Turkey’s parliament convened an extraordinary session on Gaza after a push from seven opposition and smaller parties—the CHP, DEM Party, New Path (Yeni Yol) group, YRP, TİP, EMEP, and the Democrat Party—calling for urgent debate to “stop the inhumane massacre” and expand aid. The sitting ended with a unanimously adopted Speaker’s Memorandum to be circulated to world parliaments, but the day’s optics were the story: MHP leader Devlet Bahçeli, who had loudly dismissed the meeting as unnecessary and accused the opposition of “exploiting Gaza,” showed up anyway and pointedly did not greet İYİ Party leader Müsavat Dervişoğlu.
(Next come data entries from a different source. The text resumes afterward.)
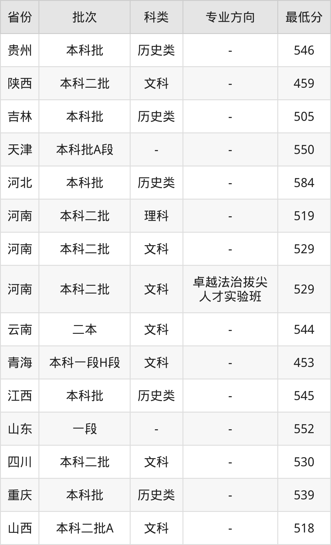 湖北经济学院法学专业录取分数线2024各省汇总显示,省外招生最低分为江西545分、山东552分、四川530分、贵州546分等。更多专业分数详情、选科要求、专业简介等均可在正文查阅。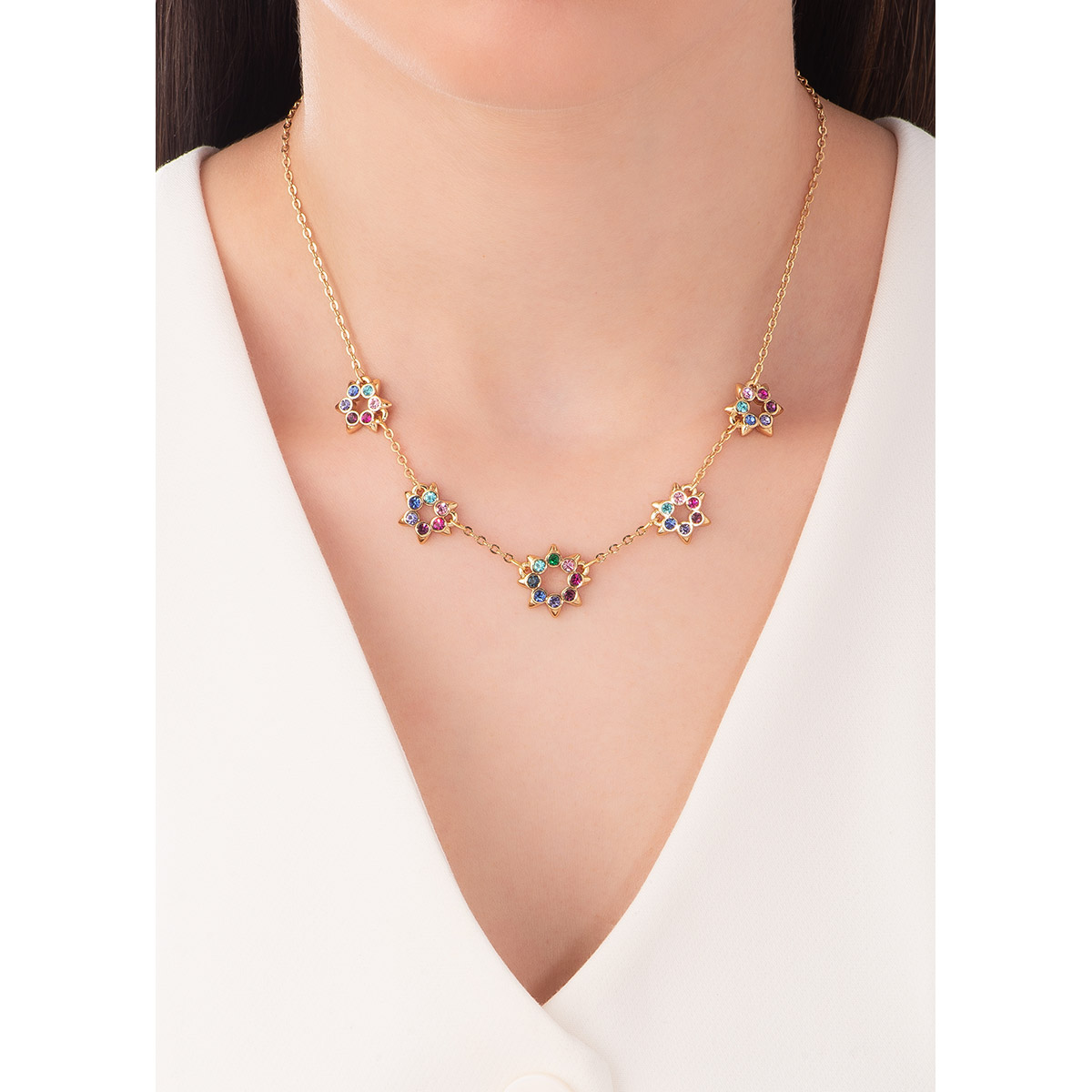 Collar de 40 cm + 10 cm de ext, en baño de oro, con piedras en varios tonos.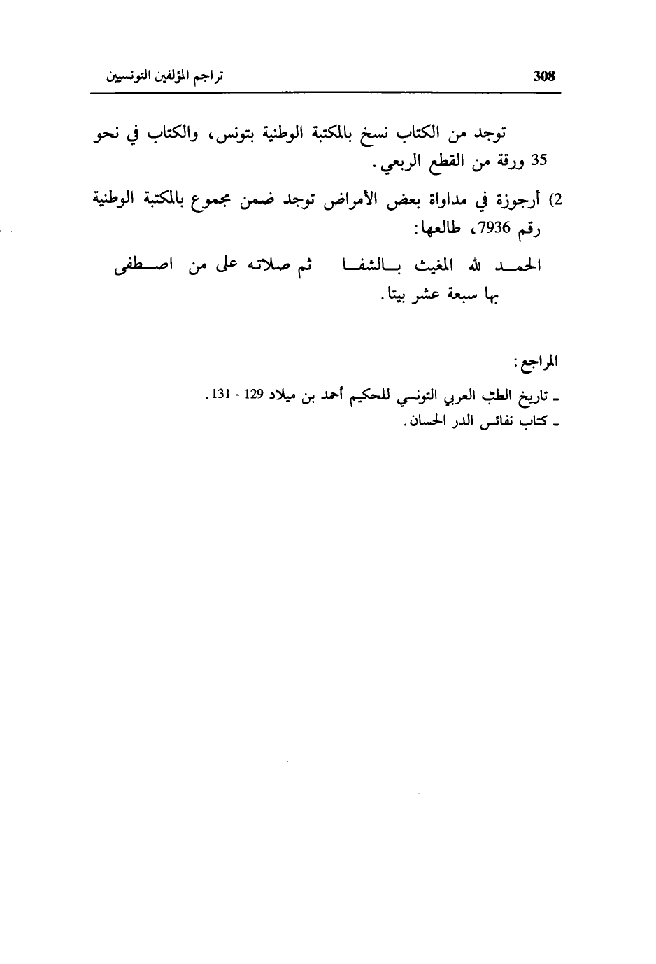 2) أرجوزة في مداواة بعض الأمراض توجد ضمن مجموع بالمكتبة الوطنية رقم 7936، طالعها:
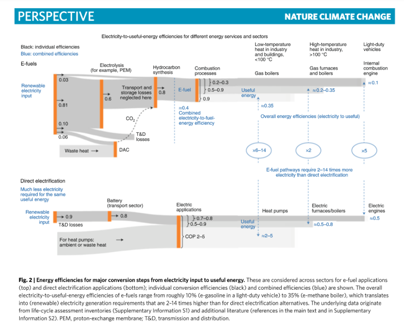 因此,我們應(yīng)該將這些珍貴的氫基燃料優(yōu)先用于它們不可或缺的應(yīng)用領(lǐng)域:長(zhǎng)途航空、化工生產(chǎn)原料、鋼鐵生產(chǎn)以及一些可能的高溫工業(yè)過程,因?yàn)檫@些是我們很難直接通電的領(lǐng)域和應(yīng)用。我們目前離100%的可再生能源還很遠(yuǎn),因此有效利用可再生能源是關(guān)鍵。然而,如果我們使用氫基燃料而不是直接電氣化替代品,發(fā)電量需要2到14倍(取決于不同技術(shù)應(yīng)用)。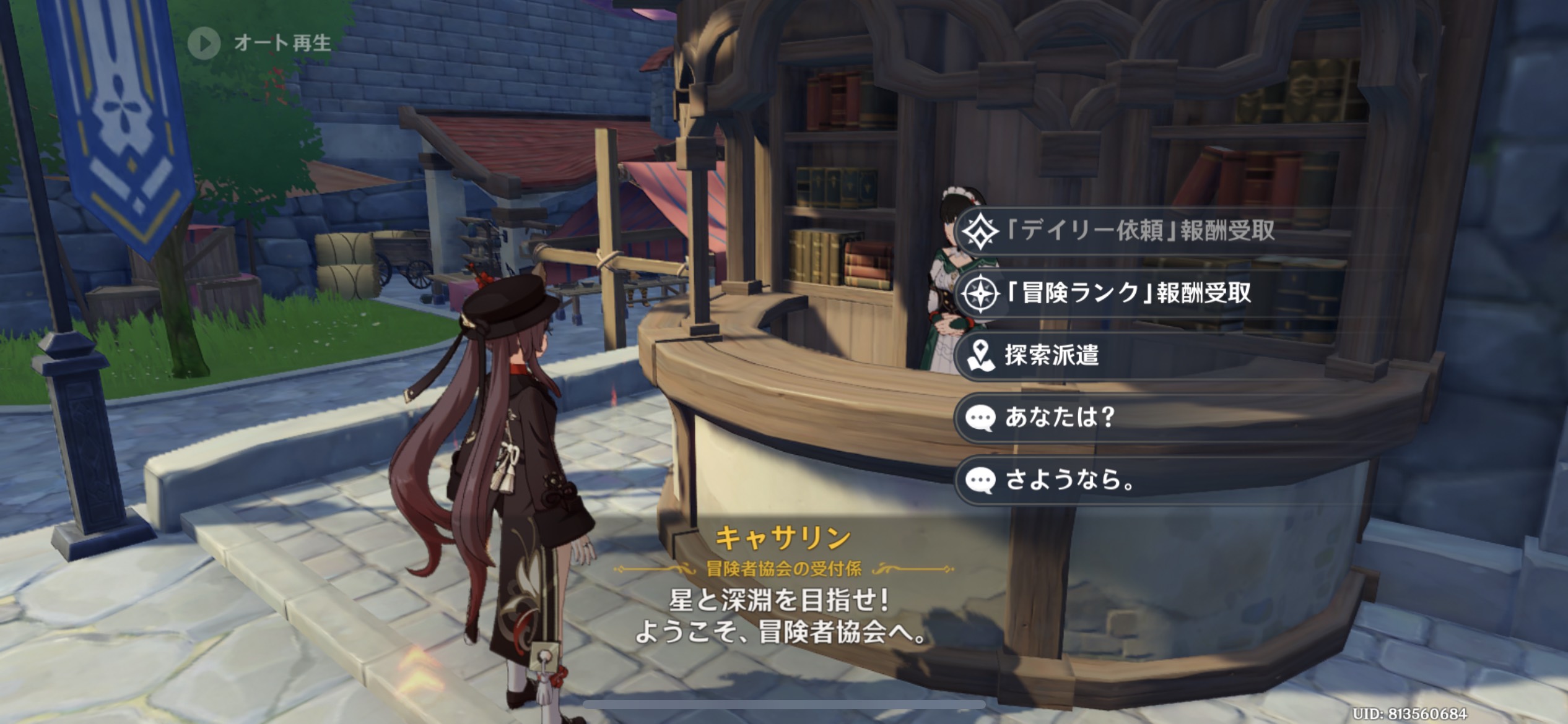冒険者協会のキャサリンに話しかけてキャラクターを派遣することができ、時間経過で鉱石を入手できます。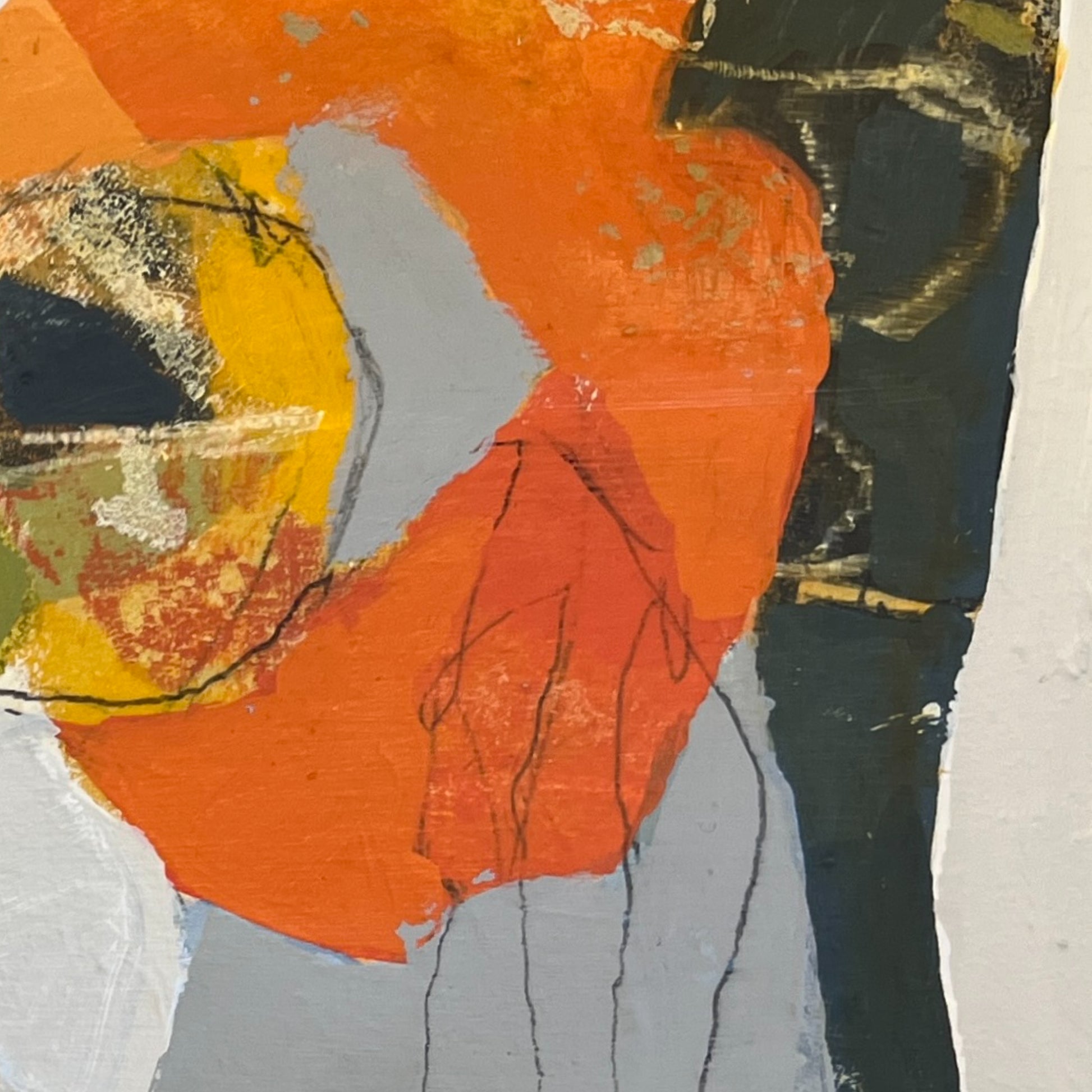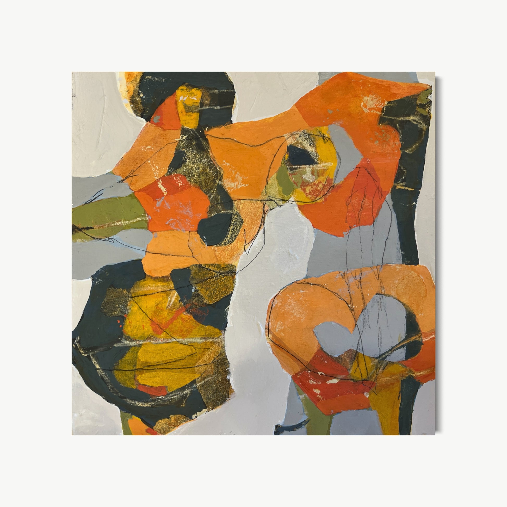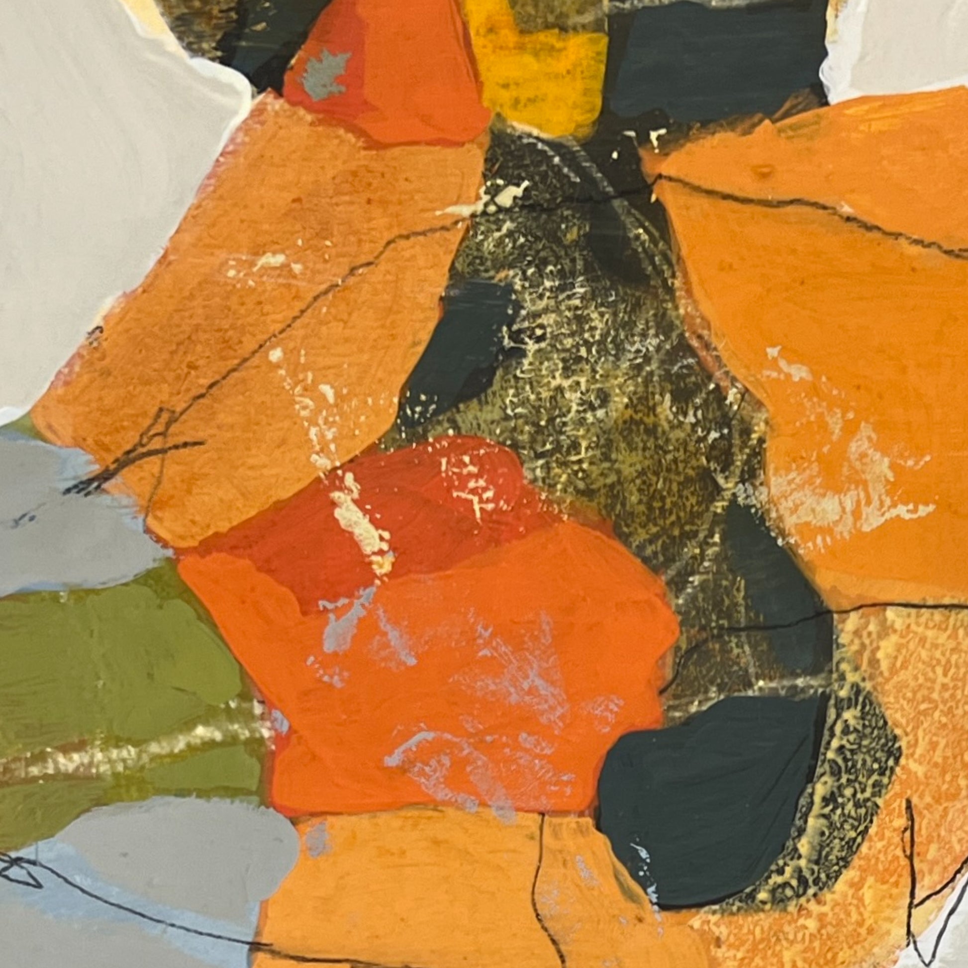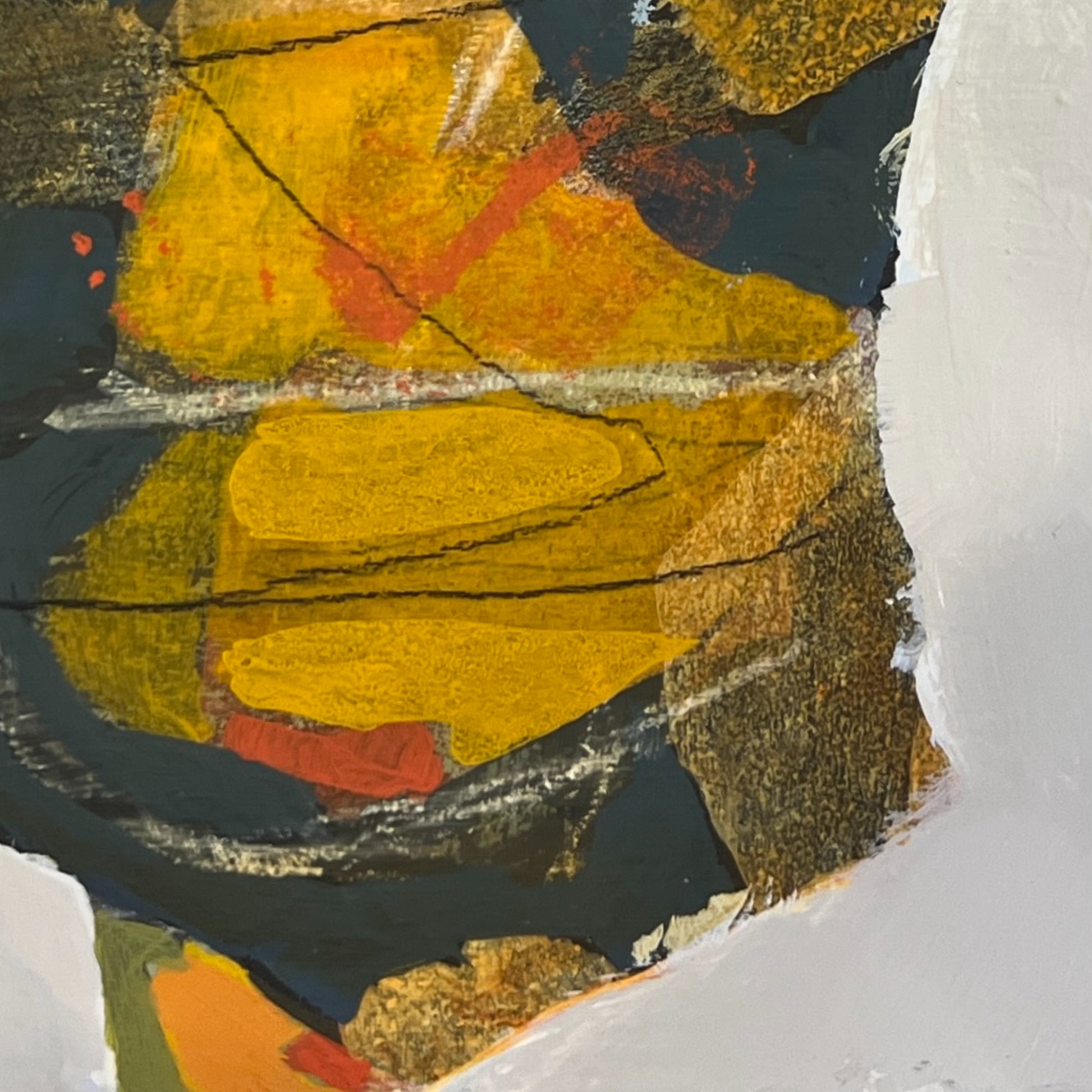 Cox’s practice is rooted in memory and impression, with each painting serving as a layered meditation on a moment, emotion, or lived experience. Working primarily in acrylic and collage, Cox approaches the canvas without a fixed plan. He builds depth and texture through an intuitive process of addition and subtraction, guided by memory and music. Music often triggers recollections that shape the composition, and as the work evolves, a specific memory gradually comes into focus. Cox continues to refine the surface until the emotional truth of the moment feels fully realized. His carefully chosen titles offer context while leaving space for open interpretation.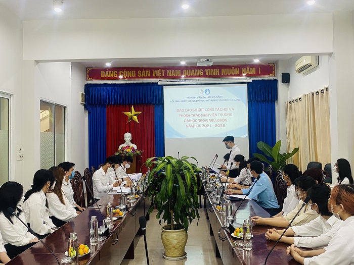 Tại buổi làm việc, đồng chí Lê Hữu Bảo Nguyên – Chủ tịch Hội Sinh viên Nhà trường đọc bản báo cáo sơ kết công tác Hội và Phong trào sinh viên Trường Đại học Ngoại ngữ – Đại học Đà Nẵng năm học 2021-2022. Đây là dịp để đoàn công tác Hội Sinh viên Việt Nam thành phố Đà Nẵng đánh giá các nội dung chương trình công tác Hội và phong trào sinh viên của Trường Đại học Ngoại Ngữ – ĐHĐN trong năm học 2021-2022, để từ đó nắm bắt tình hình thực tế, nhu cầu, nguyện vọng của cán bộ, hội viên, sinh viên nhằm phát triển và nhân rộng những mô hình hoạt động Hội tiêu biểu; khắc phục những tồn tại, hạn chế trong chỉ đạo thực hiện nghị quyết, chương trình, kế hoạch công tác.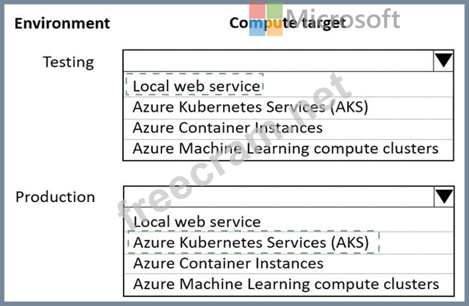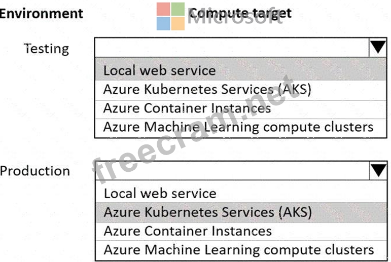 Which compute targets should you use? To answer, select the appropriate options in the answer area.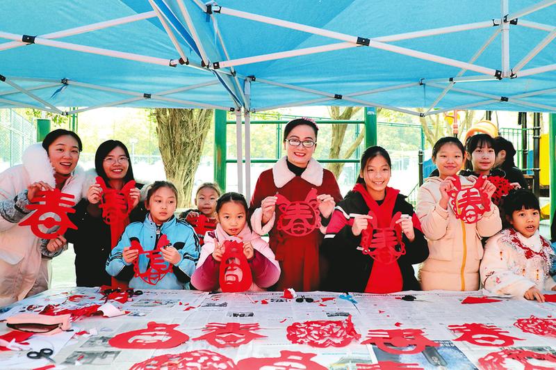 南寧市榮和實驗學(xué)校攜手社區(qū)、物業(yè)開展“欣欣向榮迎新年 文明實踐樹新風(fēng)”志愿服務(wù)活動,黨員教師、少先隊員代表現(xiàn)場揮毫潑墨書寫春聯(lián)和“福”字、剪窗花,表達對新年的美好祝愿和對美好生活的向往。(嚴文娟 攝)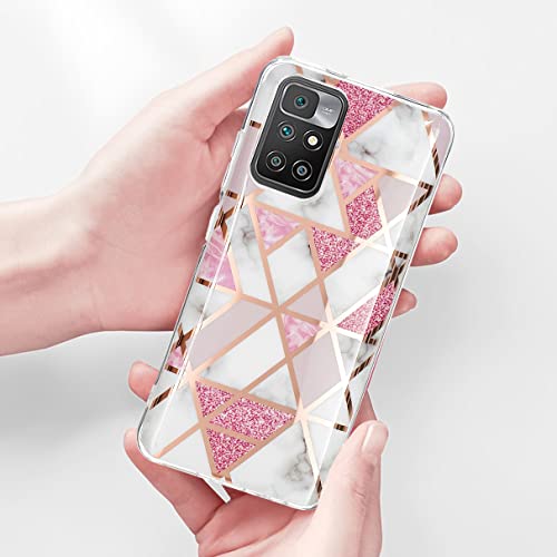 YiKaDa - Cover Compatibile con Xiaomi Redmi 10 (Non Redmi Note 10) + [2 Pack] Pellicola Protettiva in Vetro Temperato, Custodia Marmo Morbida in Silicone TPU - Rosa

President Recep Tayyip Erdoğan did not attend.
Foreign Minister Hakan Fidan told lawmakers that the “genocide in Gaza has deepened” and announced tighter measures. He said Turkey has closed its ports to Israel-linked vessels and confirmed that Turkish airspace is closed to Israel’s official, state flights. A diplomatic source later underscored the nuance: the airspace restriction applies to official flights, not a blanket shutdown of all Israeli air traffic. The move dovetails with Ankara’s broader stance since May 2024, alongside new port rules adopted on Aug. 22 that are now being enforced, resulting in Israel-linked ships being turned away and Turkish-flagged vessels barred from calling at Israeli ports.
Opposition leaders pressed the government on the gap between declarations and delivery. CHP Chair Özgür Özel accused Fidan of offering “a lullaby to Netanyahu,” arguing that stacked condemnations and headline measures have not translated into rapid, large-scale assistance to civilians. Fidan countered that airdrops are a cosmetic method disfavored by major aid organizations and said Turkish aircraft are ready but require Jordan’s consent and airspace coordination.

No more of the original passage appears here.